LESSONS LEARNED FROM FOUR DECADES OF IN SITU MONITORING OF MINOR CREEK LANDSLIDE


IVERSON, Richard M., Cascades Volcano Observatory, U.S. Geological Survey, 1300 SE Cardinal Ct. #100, Vancouver, WA 98683, riverson@usgs.gov

The dynamics of slowly moving landslides can change in response to variations in forcing, and many landslide investigations have durations too brief to reveal typical behavior. This limitation is highlighted by results from a 40-year study of Minor Creek landslide in the Franciscan terrane of Redwood Creek basin, Humboldt County, California. In 1973 the USGS established benchmarks and about 200 theodolite survey stakes to measure surface displacements along five transects crossing the 800-m-long, 100-m wide landslide. Soon thereafter, two rain gages, two extensometers, and two gully-flow stage recorders were installed. Then, from 1978 to 1982, numerous boreholes were drilled and fitted with 67 piezometers and 15 inclinometer casings. Drilling also yielded core samples that were subjected to geotechnical tests. Most subsurface monitoring was discontinued in 1997 due to progressive failure of borehole casings. Most surface monitoring continued until 2000, when a network of 19 GPS monuments was installed to replace deteriorating survey stakes. Campaign GPS monitoring still continues.

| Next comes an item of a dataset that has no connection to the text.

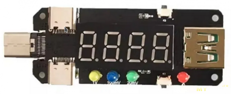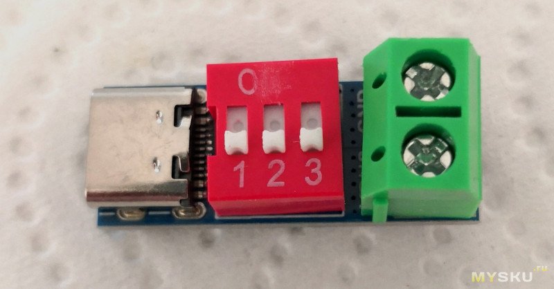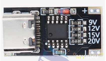 На триггере ничего не менял, перемычки в положении 28В, но проверим на другом блоке питания, от Ugreen 65W. Там один USB-C порт поддерживает максимум 20В (их и получаем), а другой USB-C порт и вовсе — только 12В (эти же 12В и получим).

From 1973 through 2012, a central 600-m long segment of the landslide mass moved downslope 11 to 16 m, and more than half of this total displacement occurred during just three water years: 1974, 1984, and 1998. By contrast, motion of the uppermost part of the landslide (within about 100 m of the slowly receding headscarp) was quite consistent from year to year. Relatively chaotic motion occurred within 100 m of the landslide toe, where behavior was strongly influenced by the shifting morphology of adjacent Minor Creek.

The three water years in which most landslide motion occurred were wetter than average, but not by wide margins. Water-table heights gauged by piezometers < 3 m deep were virtually indistinguishable for wet years and dry years. Periods with the highest pore-water pressures at landslide-base depths of 5 to 6 m (determined by inclinometry) coincided with periods of fastest landslide motion, but this relationship became clear only when data from many spatially distributed piezometers were averaged. The data show that landslide motion is extremely sensitive to subtle differences in wet-season groundwater flow fields -- behavior that might be inscrutable if detailed, long-term monitoring were lacking.